Task:
Return all entries verbatim; skip any pictures.

Exercise inputs:
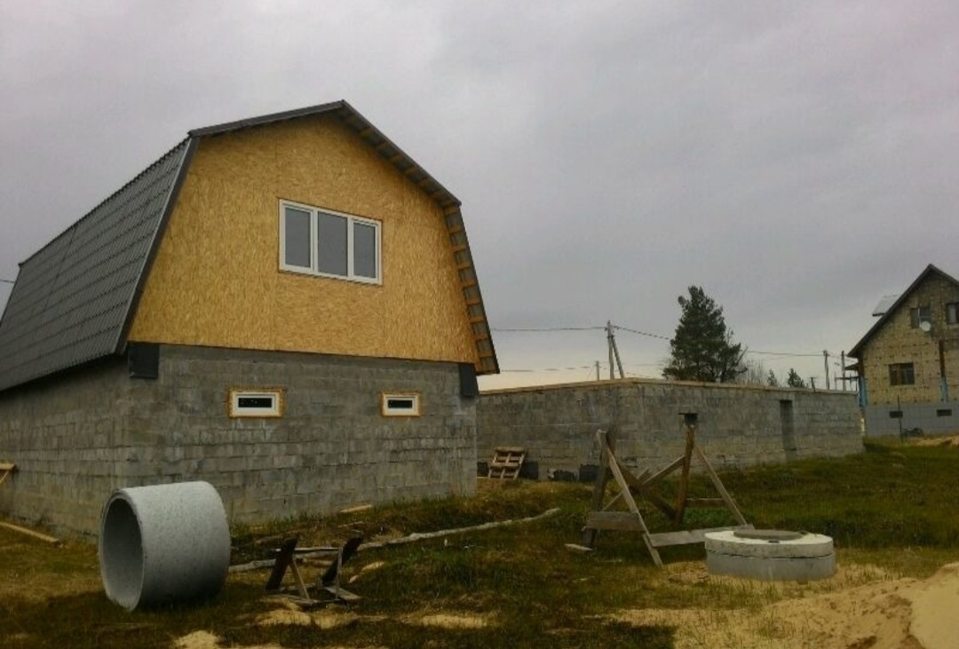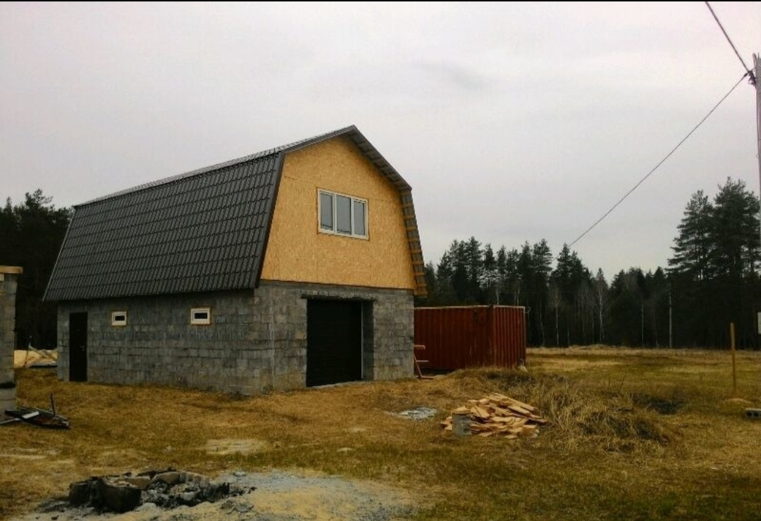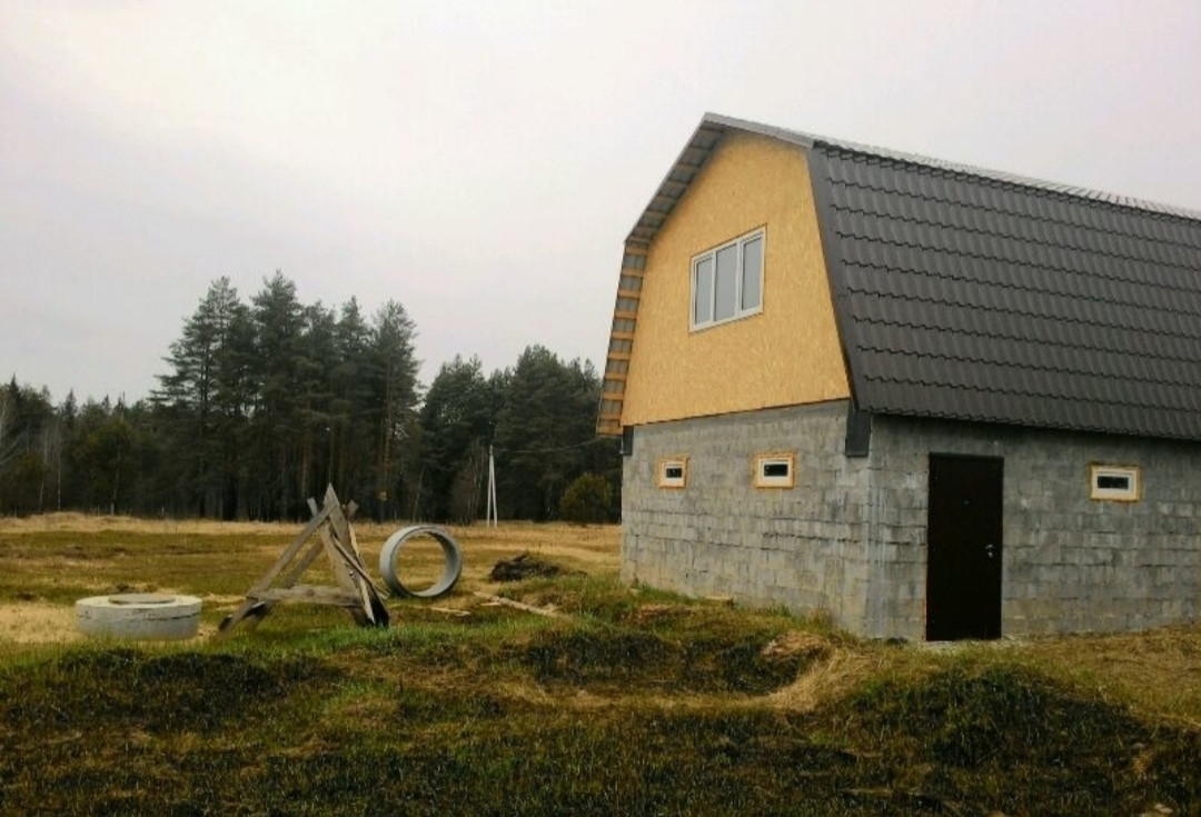 Продам дом 9х12, двух этажный гараж  6х9, также можно из него переделать в дом или хоз. блок, либо летний(зимний) домик,  участок достаточно большой 15 соток. Возможность реализовать любой проект ландшафтного дизайна на свой вкус,  а также сделать планировку дома на своё усмотрение.  Два дома построены  из цементных блоков,  окна пластиковые,  крыша из металлочерепицы.  На участке есть колодец,  свет. Круглогодичный подъезд на автомобиле.  ПМЖ.  Дом в процессе стройки.  Вокруг лес, свежий воздух,  много озёр,  есть пруд недалеко от участка. Тишина и спокойствие.  Все документы в порядке.
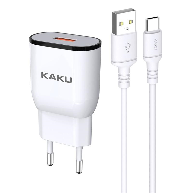 Сетевое зарядное устройство KAKU KSC-492. Максимальная выходная мощность составляет 2,4А. Данное СЗУ обладает защитой от перенапряжения и перегрузки электричества. Это защитит устройство, которое находится на зарядке, от поломки. Сам корпус сделан из огнестойкого прочного пластика. Имеет 1 выход USB. В комплекте так же идет кабель Type-C длиной 1 метр.
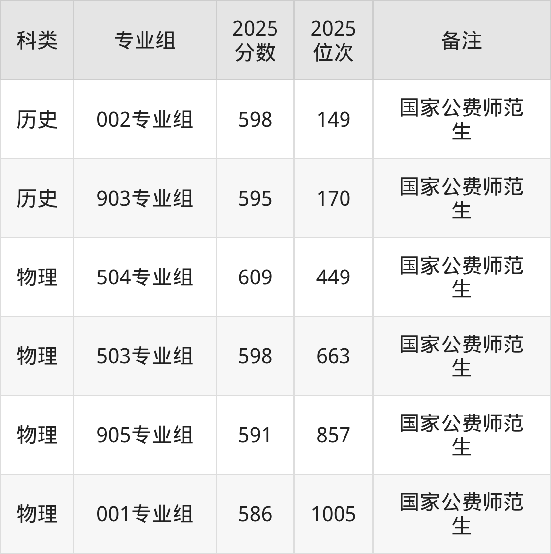 历史+不限:002专业组(国家公费师范生)最低598分(位次149名)。
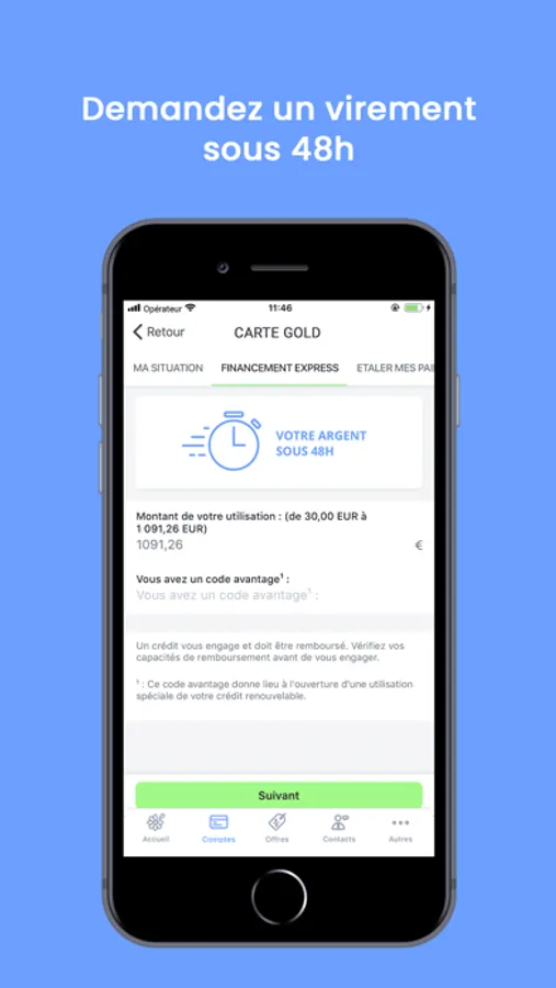 Quand on a besoin d’argent c’est tout de suite => Demandez un Financement Express (utilisation spéciale de votre credit renouvelable) 24h/24 et 7j/7.Choisissez la somme dont vous avez besoin et recevez votre argent sous 48h sans justificatif de projet supplémentaire.
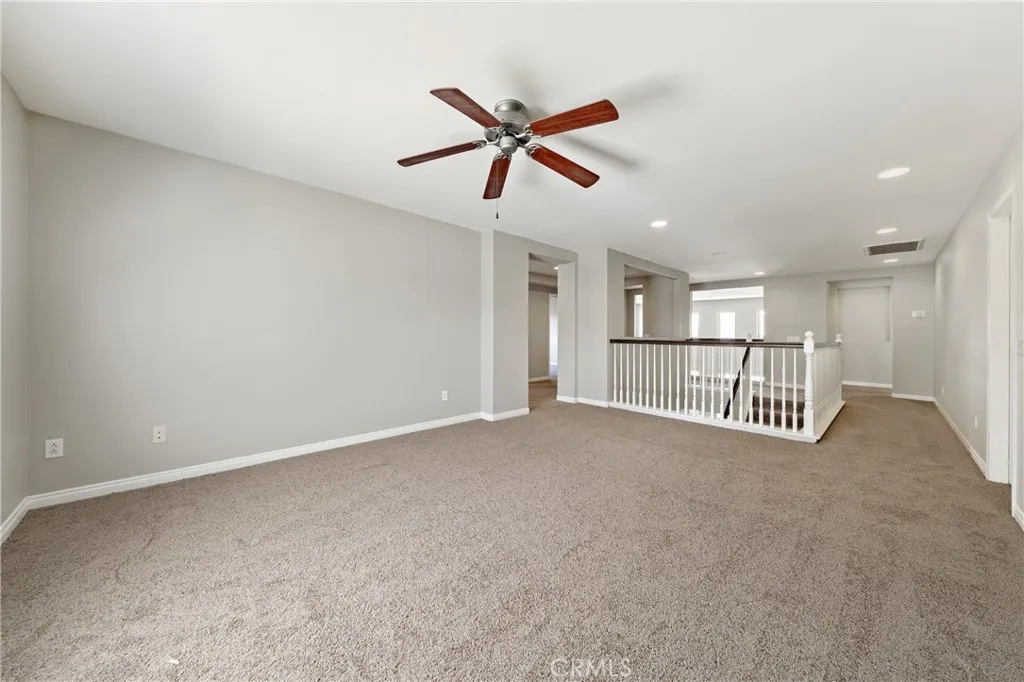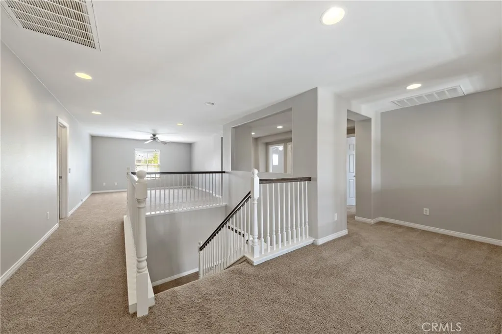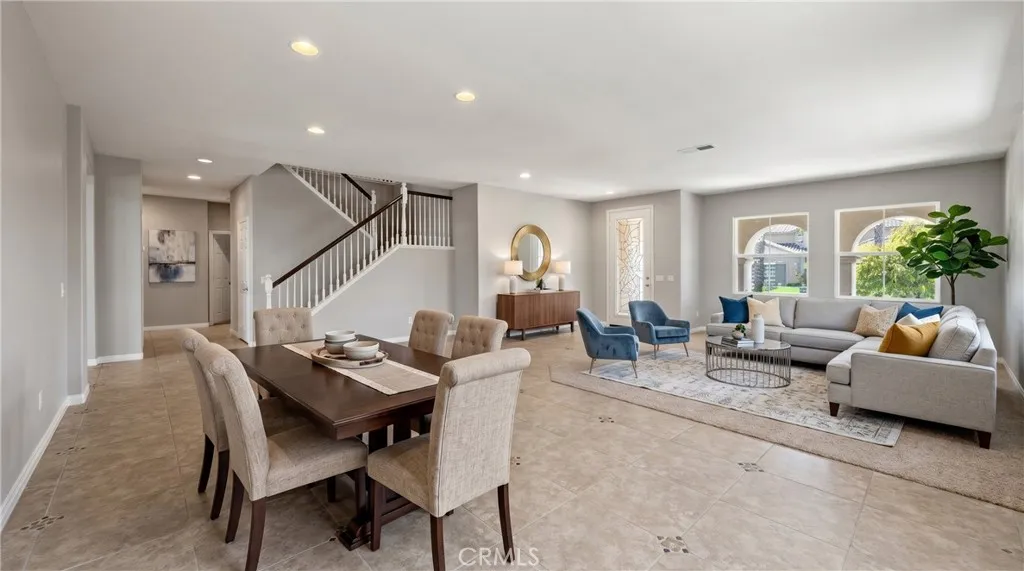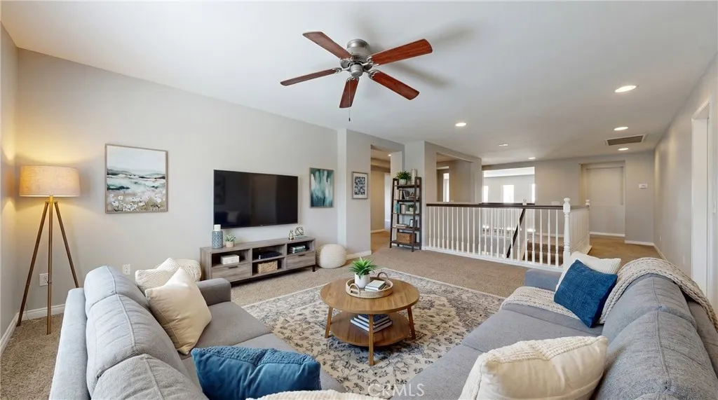 Welcome To This Spacious And Well-Appointed Home Offering A Functional Layout, Thoughtful Upgrades, And Indoor-Outdoor Living. From The Moment You Arrive, You’ll Appreciate The Covered Front Porch And Extensive Hardscape Featuring Brick And Slate Accents, Multiple Planters With Irrigation, And Mature Landscaping Including Queen Palms And Additional Trees That Enhance The Curb Appeal. Conveniently Located Just Four Doors Down, You’ll Also Enjoy Easy Access To A Neighborhood Park Complete With A Playground And Slide—Perfect For Outdoor Fun. Inside, The Home Showcases A Blend Of Tile Flooring In High-Traffic Areas And Newer Carpet Throughout, Creating A Comfortable And Inviting Atmosphere. The Formal Living And Dining Rooms Offer Large Picture Windows And Recessed Lighting, While The Expansive Great Room Features Soaring Vaulted Ceilings, A Cozy Gas Fireplace, And Abundant Natural Light. The Kitchen Is Designed For Both Functionality And Style With Granite Countertops, Custom Tile Details, Under-Cabinet Lighting, A Five-Burner Range With Hood, Dual GE Profile Ovens, Stainless Steel Sink And Dishwasher, And A Walk-In Pantry. A Highly Desirable Downstairs Bedroom With Its Own Private Full Bathroom Provides Flexibility For Guests Or Multi-Generational Living, Along With An Additional Guest Half Bath Conveniently Located On The Main Floor. Upstairs, You’ll Find A Large Loft, Walk-In Linen Closet, And A Spacious Primary Suite Offering Scenic Views, Dual Walk-In Closets, And A Well-Appointed Bathroom With Dual Sinks, A Separate Tub And Shower, And A Private Toilet Area. Secondary Bedrooms Are Generously Sized And Share A Bathroom With Dual Sinks And A Separate Tub/Shower Space. Additional Highlights Include An Upstairs Laundry Room With Gas Hookup, Dual Zone HVAC With Separate Thermostats For Upstairs And Downstairs, Ceiling Fans Throughout, And A Three-Car Garage With Interior Water Shut-Off Access. The Backyard Is Designed For Low Maintenance And Outdoor Enjoyment Featuring Stamped Concrete Patio Areas, Artificial Turf, Brick Curbing, Mature Trees, A Retaining Wall, And A Movable Patio Cover, All Enclosed By Wood Fencing. This Home Offers A Versatile Floor Plan, Solid Features, And Great Potential—Ready For Its Next Owner To Make It Their Own.

Response area:
 Продам дом 9х12, двух этажный гараж  6х9, также можно из него переделать в дом или хоз. блок, либо летний(зимний) домик,  участок достаточно большой 15 соток. Возможность реализовать любой проект ландшафтного дизайна на свой вкус,  а также сделать планировку дома на своё усмотрение.  Два дома построены  из цементных блоков,  окна пластиковые,  крыша из металлочерепицы.  На участке есть колодец,  свет. Круглогодичный подъезд на автомобиле.  ПМЖ.  Дом в процессе стройки.  Вокруг лес, свежий воздух,  много озёр,  есть пруд недалеко от участка. Тишина и спокойствие.  Все документы в порядке.
 Сетевое зарядное устройство KAKU KSC-492. Максимальная выходная мощность составляет 2,4А. Данное СЗУ обладает защитой от перенапряжения и перегрузки электричества. Это защитит устройство, которое находится на зарядке, от поломки. Сам корпус сделан из огнестойкого прочного пластика. Имеет 1 выход USB. В комплекте так же идет кабель Type-C длиной 1 метр.
 历史+不限:002专业组(国家公费师范生)最低598分(位次149名)。
 Quand on a besoin d’argent c’est tout de suite => Demandez un Financement Express (utilisation spéciale de votre credit renouvelable) 24h/24 et 7j/7.Choisissez la somme dont vous avez besoin et recevez votre argent sous 48h sans justificatif de projet supplémentaire.
 Welcome To This Spacious And Well-Appointed Home Offering A Functional Layout, Thoughtful Upgrades, And Indoor-Outdoor Living. From The Moment You Arrive, You’ll Appreciate The Covered Front Porch And Extensive Hardscape Featuring Brick And Slate Accents, Multiple Planters With Irrigation, And Mature Landscaping Including Queen Palms And Additional Trees That Enhance The Curb Appeal. Conveniently Located Just Four Doors Down, You’ll Also Enjoy Easy Access To A Neighborhood Park Complete With A Playground And Slide—Perfect For Outdoor Fun. Inside, The Home Showcases A Blend Of Tile Flooring In High-Traffic Areas And Newer Carpet Throughout, Creating A Comfortable And Inviting Atmosphere. The Formal Living And Dining Rooms Offer Large Picture Windows And Recessed Lighting, While The Expansive Great Room Features Soaring Vaulted Ceilings, A Cozy Gas Fireplace, And Abundant Natural Light. The Kitchen Is Designed For Both Functionality And Style With Granite Countertops, Custom Tile Details, Under-Cabinet Lighting, A Five-Burner Range With Hood, Dual GE Profile Ovens, Stainless Steel Sink And Dishwasher, And A Walk-In Pantry. A Highly Desirable Downstairs Bedroom With Its Own Private Full Bathroom Provides Flexibility For Guests Or Multi-Generational Living, Along With An Additional Guest Half Bath Conveniently Located On The Main Floor. Upstairs, You’ll Find A Large Loft, Walk-In Linen Closet, And A Spacious Primary Suite Offering Scenic Views, Dual Walk-In Closets, And A Well-Appointed Bathroom With Dual Sinks, A Separate Tub And Shower, And A Private Toilet Area. Secondary Bedrooms Are Generously Sized And Share A Bathroom With Dual Sinks And A Separate Tub/Shower Space. Additional Highlights Include An Upstairs Laundry Room With Gas Hookup, Dual Zone HVAC With Separate Thermostats For Upstairs And Downstairs, Ceiling Fans Throughout, And A Three-Car Garage With Interior Water Shut-Off Access. The Backyard Is Designed For Low Maintenance And Outdoor Enjoyment Featuring Stamped Concrete Patio Areas, Artificial Turf, Brick Curbing, Mature Trees, A Retaining Wall, And A Movable Patio Cover, All Enclosed By Wood Fencing. This Home Offers A Versatile Floor Plan, Solid Features, And Great Potential—Ready For Its Next Owner To Make It Their Own.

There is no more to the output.